Source data:
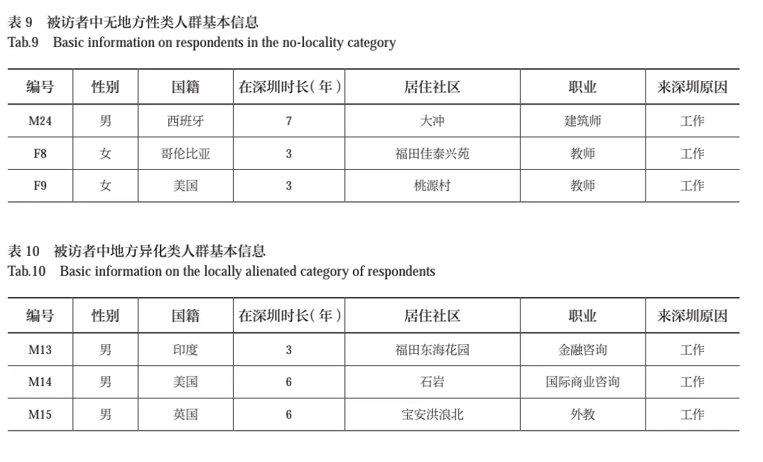本次研究采取志愿招募的方式收集了共40个样本数据,采用半结构化深度访谈与实地观察等相结合的质性研究方法,从2021年5月到2021年11月历时半年,对2019年前到中国并有长期在深圳的居住史且目前仍居住在深圳的外籍人士,调查其新冠疫情前后不同尺度流动性变化对其地方感的影响。研究划分社区归属、地方认同、地方归属与地方忠诚四个研究层级,围绕居住历史、流动性、社区营造、地方感等展开深度访谈。平均访谈时长为50~110分钟,访谈材料整理统计共12万字。不同于以往传统定量分析研究从统计学的角度进行地方感的分类和验证,此类方法充分考虑个体的差异和特殊性,可以深度挖掘被访者想法。
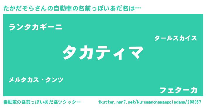 | 男性向けラノベタイトル風あだ名 | 『タカダソラアートオンライン』 |
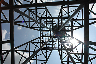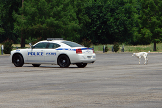 This cracked us up. In the parking lot in front of the Civic Center where the Eiffel Tower is, this calf was right behind the police car. The car would move slowly away and the calf would follow. The car moved, the calf followed. After a while the policeman got out of the car and waited until a guy with a trailer pulled up and they loaded the calf in. |
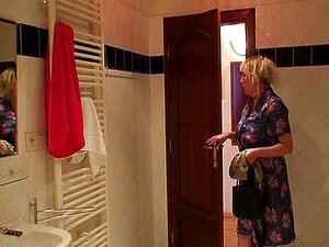 Alte große schöne Frau Mama schraubt Stiefsohn im Badezimmer
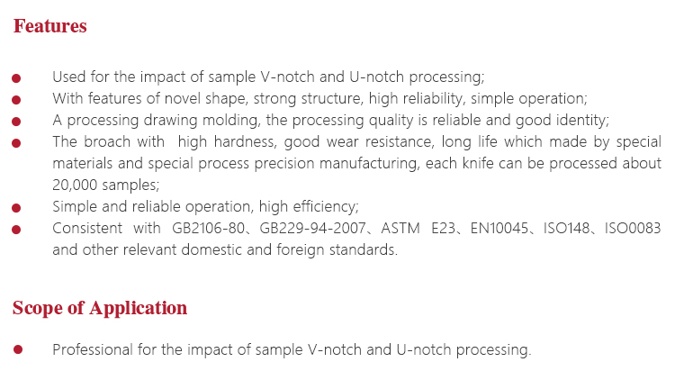 Function & applicationProfessional for the impact of sample V-notch and U-notch processing.
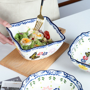 韩式泡面碗大碗汤碗田园风蝶恋花家用陶瓷碗大号菜碗沙...
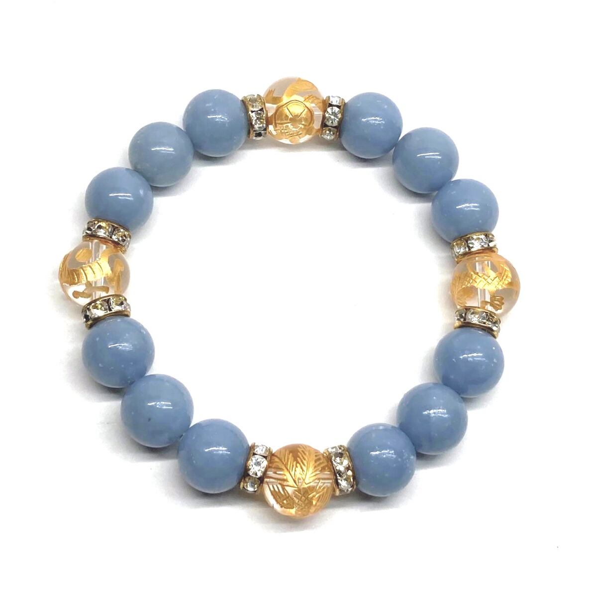 ご覧頂いているブレスレットは、四神獣金彫水晶とエンジェライトを組み合わせたブレスレット。守り神である四神とパワーストーンの組み合わせで運気の流れを引き寄せる強運ブレスレットです。シンプルなデザインで男女問わず、年齢問わずご使用頂けるデザインなっております。シンプルなデザインは日常のアクセントとして、仕事やビジネスカジュアル、パーティーや特別なイベントなど様々なシーン活用できます。また、ちょっと贈り物にも最適なブレスレットになっております。四神獣を身につけて厄災から身を守り、多くの運気を呼び込まれてください。
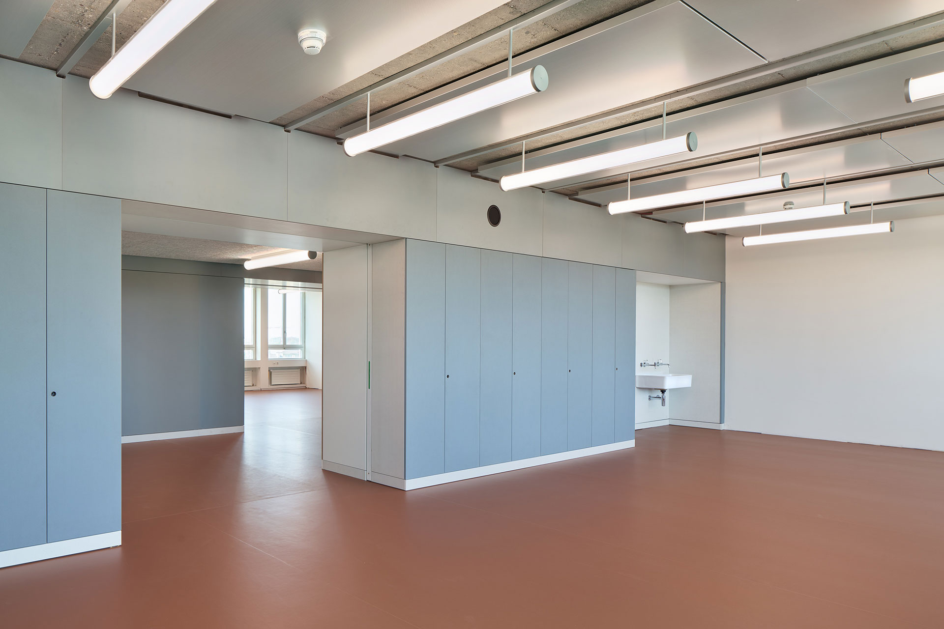 A customized lighting family was developed for the classrooms in the high-rise building. Round tube luminaires are integrated into a continuous ceiling profile between heating and cooling ceiling elements, creating a uniform appearance across all floors, including the canteen. The lighting ensures high uniformity and glare control in accordance with UGR standards, while addressing pedagogical requirements for flexibility and visual comfort. Daylight-dependent control supports concentrated work with minimal energy consumption.
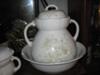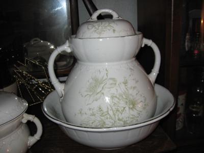 We purchased these pieces at an auction. There is also a tooth brush holder included.
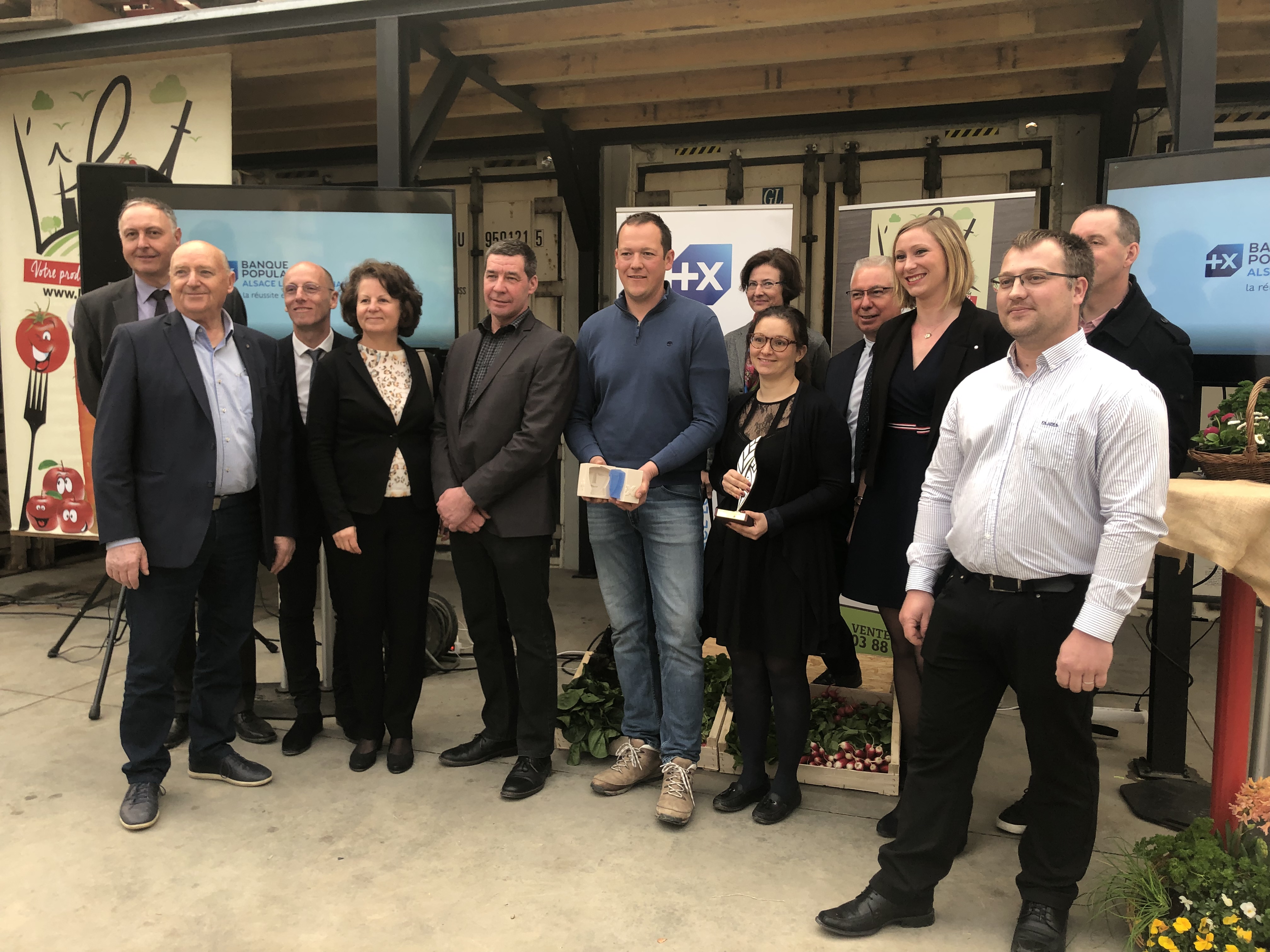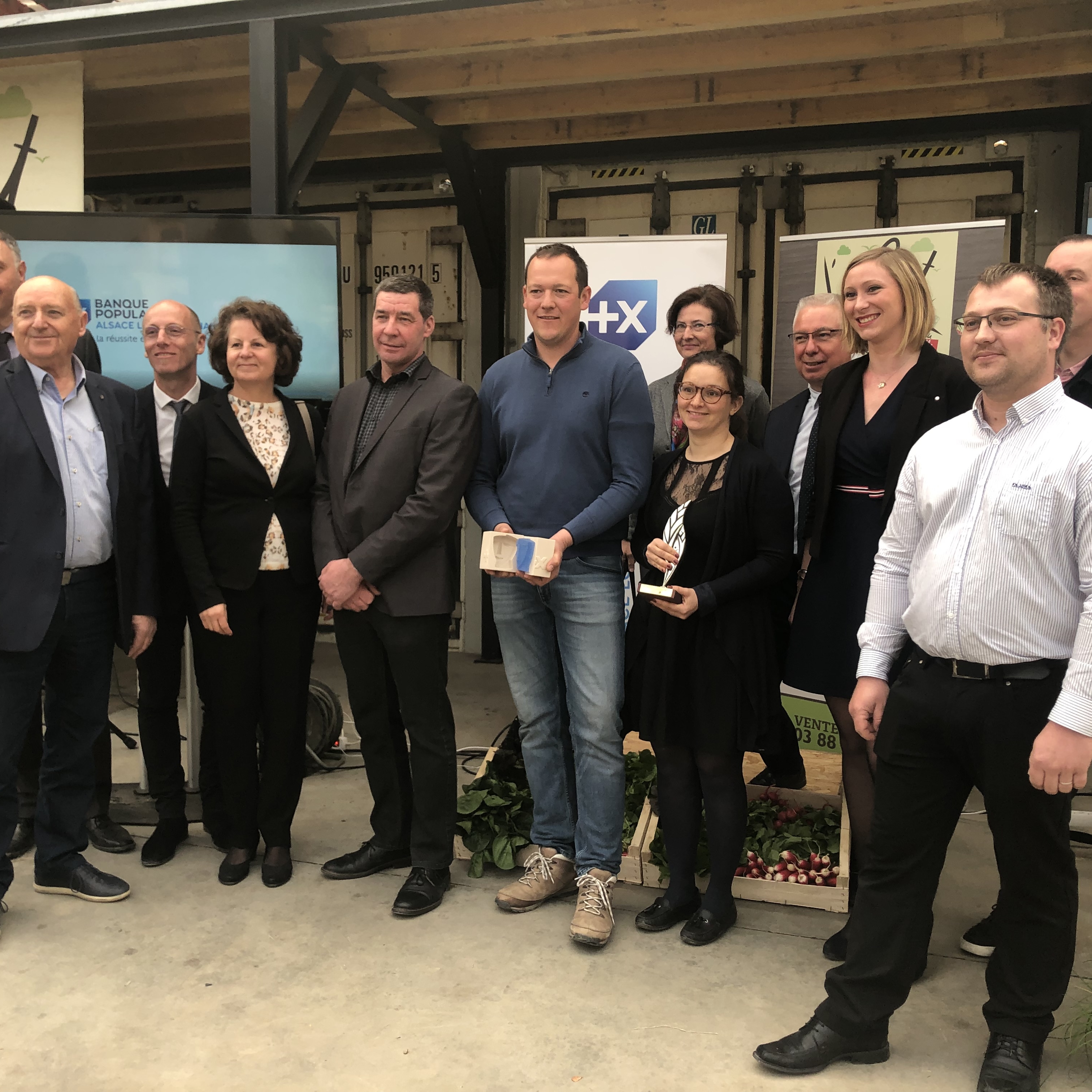 Claire et Geoffrey ANDNA de l'Îlot de la Meinau entourés des peronnalités du monde agricole alsacien et des remettants de la Banque Populaire.

The problem:
The material is to be written out word for word, and the pictures are to be left out.

The completed task:
本次研究采取志愿招募的方式收集了共40个样本数据,采用半结构化深度访谈与实地观察等相结合的质性研究方法,从2021年5月到2021年11月历时半年,对2019年前到中国并有长期在深圳的居住史且目前仍居住在深圳的外籍人士,调查其新冠疫情前后不同尺度流动性变化对其地方感的影响。研究划分社区归属、地方认同、地方归属与地方忠诚四个研究层级,围绕居住历史、流动性、社区营造、地方感等展开深度访谈。平均访谈时长为50~110分钟,访谈材料整理统计共12万字。不同于以往传统定量分析研究从统计学的角度进行地方感的分类和验证,此类方法充分考虑个体的差异和特殊性,可以深度挖掘被访者想法。
 | 男性向けラノベタイトル風あだ名 | 『タカダソラアートオンライン』 |
 This cracked us up. In the parking lot in front of the Civic Center where the Eiffel Tower is, this calf was right behind the police car. The car would move slowly away and the calf would follow. The car moved, the calf followed. After a while the policeman got out of the car and waited until a guy with a trailer pulled up and they loaded the calf in. |
 Alte große schöne Frau Mama schraubt Stiefsohn im Badezimmer
 Function & applicationProfessional for the impact of sample V-notch and U-notch processing.
 韩式泡面碗大碗汤碗田园风蝶恋花家用陶瓷碗大号菜碗沙...
 ご覧頂いているブレスレットは、四神獣金彫水晶とエンジェライトを組み合わせたブレスレット。守り神である四神とパワーストーンの組み合わせで運気の流れを引き寄せる強運ブレスレットです。シンプルなデザインで男女問わず、年齢問わずご使用頂けるデザインなっております。シンプルなデザインは日常のアクセントとして、仕事やビジネスカジュアル、パーティーや特別なイベントなど様々なシーン活用できます。また、ちょっと贈り物にも最適なブレスレットになっております。四神獣を身につけて厄災から身を守り、多くの運気を呼び込まれてください。
 A customized lighting family was developed for the classrooms in the high-rise building. Round tube luminaires are integrated into a continuous ceiling profile between heating and cooling ceiling elements, creating a uniform appearance across all floors, including the canteen. The lighting ensures high uniformity and glare control in accordance with UGR standards, while addressing pedagogical requirements for flexibility and visual comfort. Daylight-dependent control supports concentrated work with minimal energy consumption.
 We purchased these pieces at an auction. There is also a tooth brush holder included.
 Claire et Geoffrey ANDNA de l'Îlot de la Meinau entourés des peronnalités du monde agricole alsacien et des remettants de la Banque Populaire.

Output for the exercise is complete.